Here is a synopsis of the recent changes.
Passwords required. All free-tier accounts, free upgraded education accounts, and single-host paid accounts now need a password. It’s generated automatically and may be changed but cannot be removed. This blocks access by those who obtain the meeting ID but not the password, and it prevents access through bots trying to join randomly generated meeting IDs in the reasonable hope of connecting to a password-free session.
Meeting ID hidden. The meeting ID no longer appears in the title bar of Zoom apps to prevent it from appearing in screen captures posted on social media or elsewhere.
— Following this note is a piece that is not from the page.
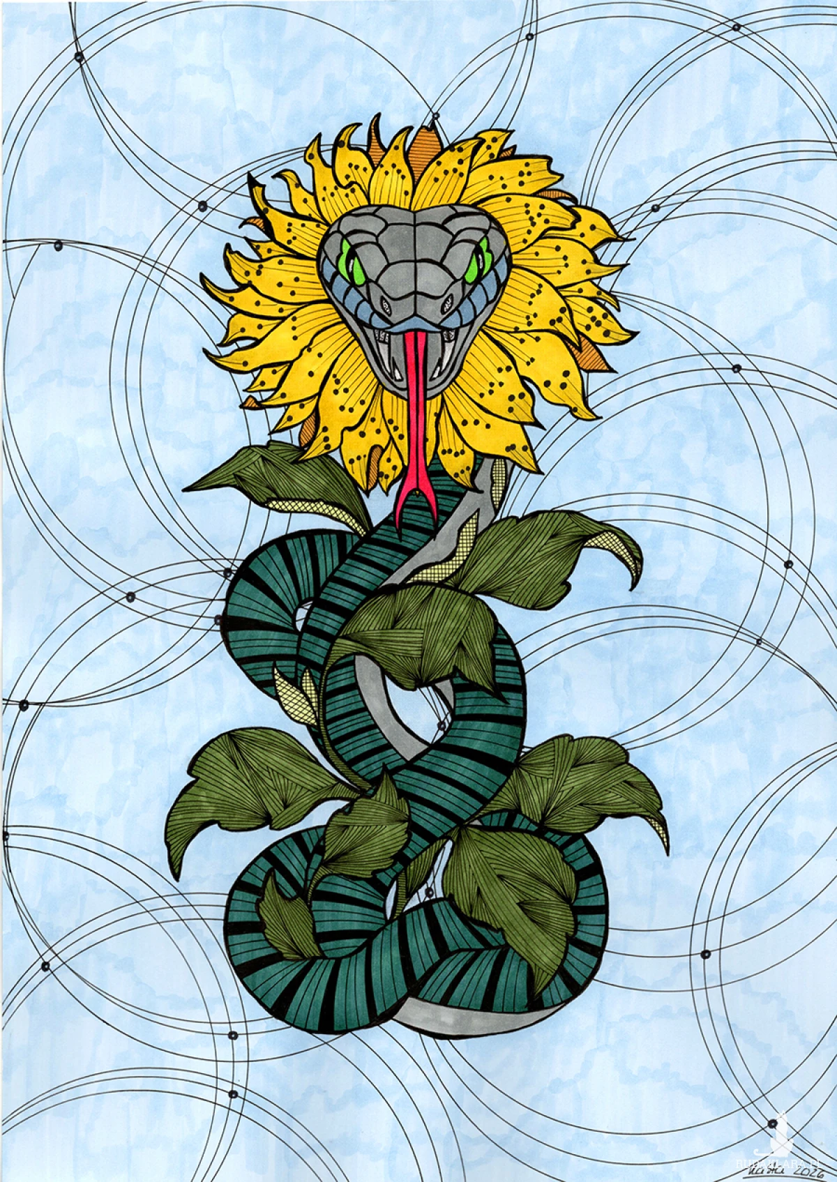 To roślina, która zamiast łagodnego kielicha, ukazuje swoje groźne, wężowe oblicze, a jej łodyga oplata przestrzeń niczym żywe stworzenie.
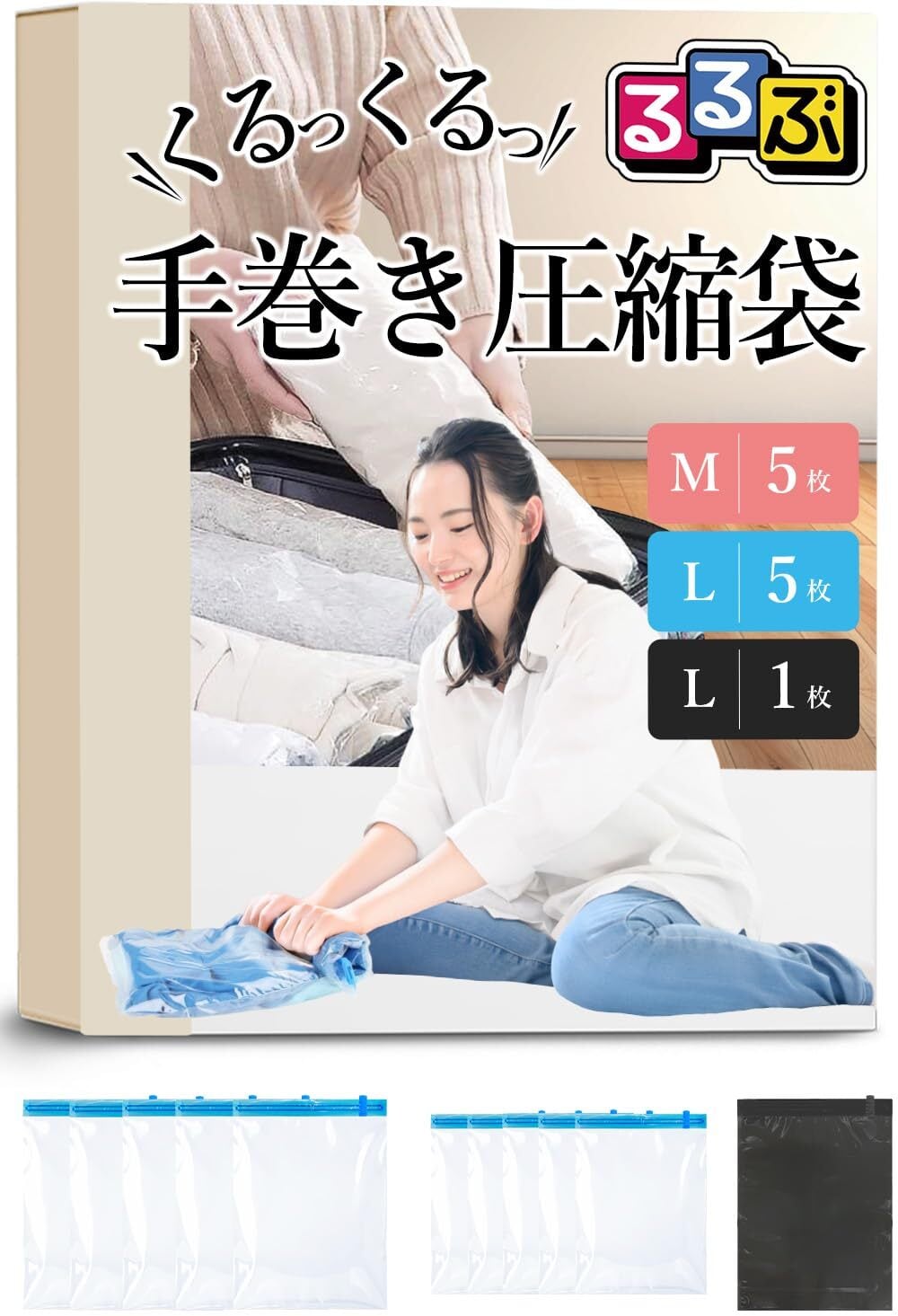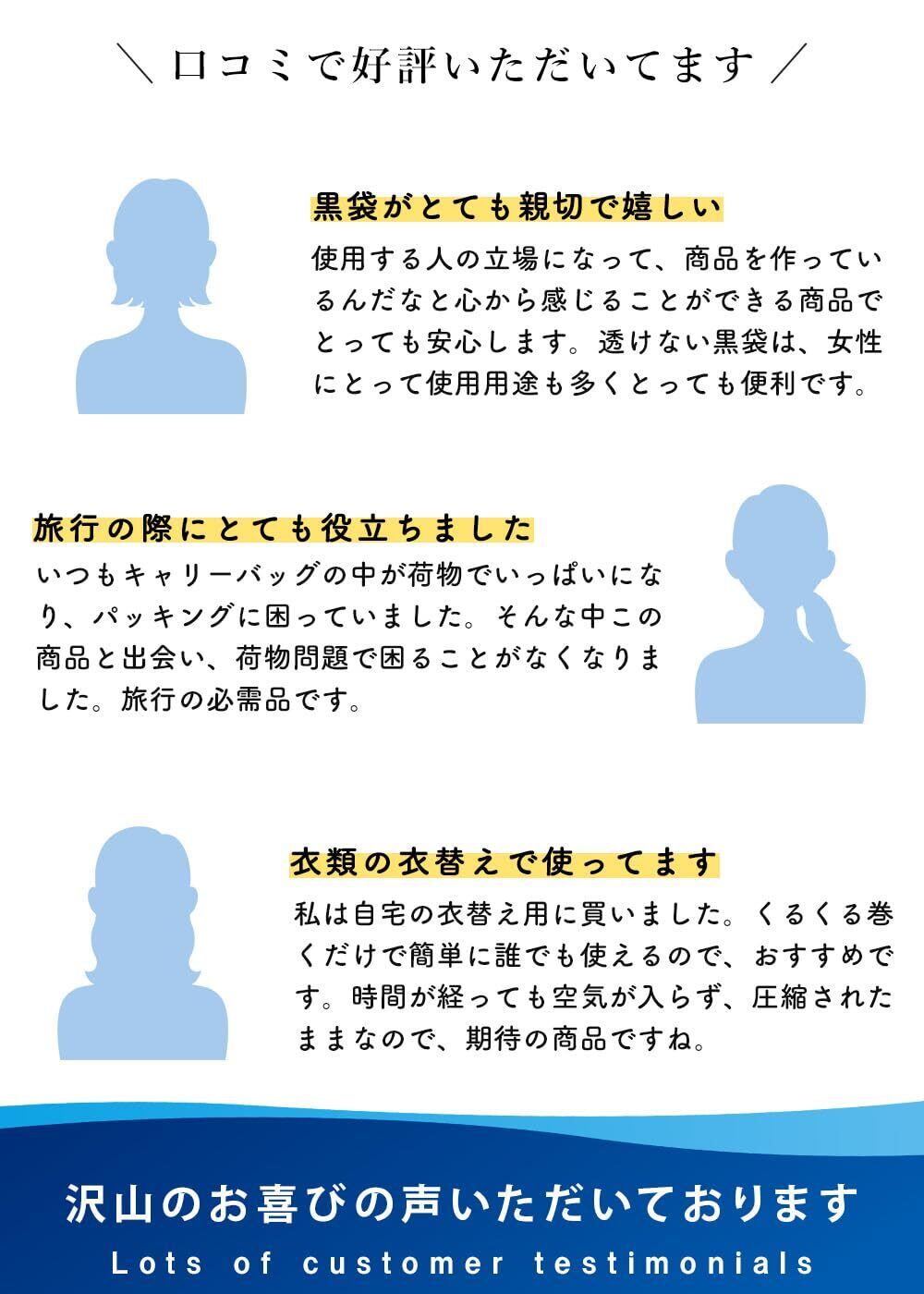 【くるっと簡単 " 手巻きタイプ "】旅行に便利な厚手の洋服(Mサイズ)からダウン(XL)までのサイズをラインナップ。見られたくない下着類を圧縮するのに便利な " 透けない黒色袋 " が全サイズに付属!

Waiting Room enabled. By default, the Waiting Room feature is now enabled for all accounts, even those that previously had the option turned off. The Waiting Room puts participants who attempt to join the meeting into a holding position. The host must admit them. It’s fussy, and if it’s unnecessary in your environment, you can override the default on a per-meeting or per-host basis.
Meeting locks. With a click of the new Security button, hosts can lock a meeting at any point to prevent new participants from being added to the Waiting Room or joining directly. Another click unlocks the meeting.
Name change prevention. Hosts can prevent participants from changing the name that appears when they join or request to join a meeting. Some people—both unwanted visitors and students who thought it was funny—were changing their names to derogatory or abusive forms during meetings.
Domain contacts visibility. Zoom no longer treats every user with the same domain in their email address as belonging to the same organization. Previously, anyone with a given address could view account information or add everyone to their contacts who had the same domain, excluding some significant ISPs and mail hosts, like Gmail and iCloud. That feature is now disabled for free tier and paid single-host accounts, and must be enabled on higher-tier paid accounts.
Traffic routed through China. The paths that data travels is a political, regulatory, and business question, not just a technical one. Citizen Lab’s report revealed that Zoom was routing some traffic that didn’t involve any participants in China through servers in that country. Zoom explained that it was an error in load balancing, which seemed plausible given the quick scaling of operations it needed to have. The company said it made permanent changes to prevent data passing through Chinese servers from outside the country. A new feature for paid users starts April 18, and those users will be able to select which of several regions data may pass through. Free users are locked to data centers in the region from which they subscribed. Apart from concerns about China, some people outside the United States don’t trust the National Security Agency or other US intelligence groups.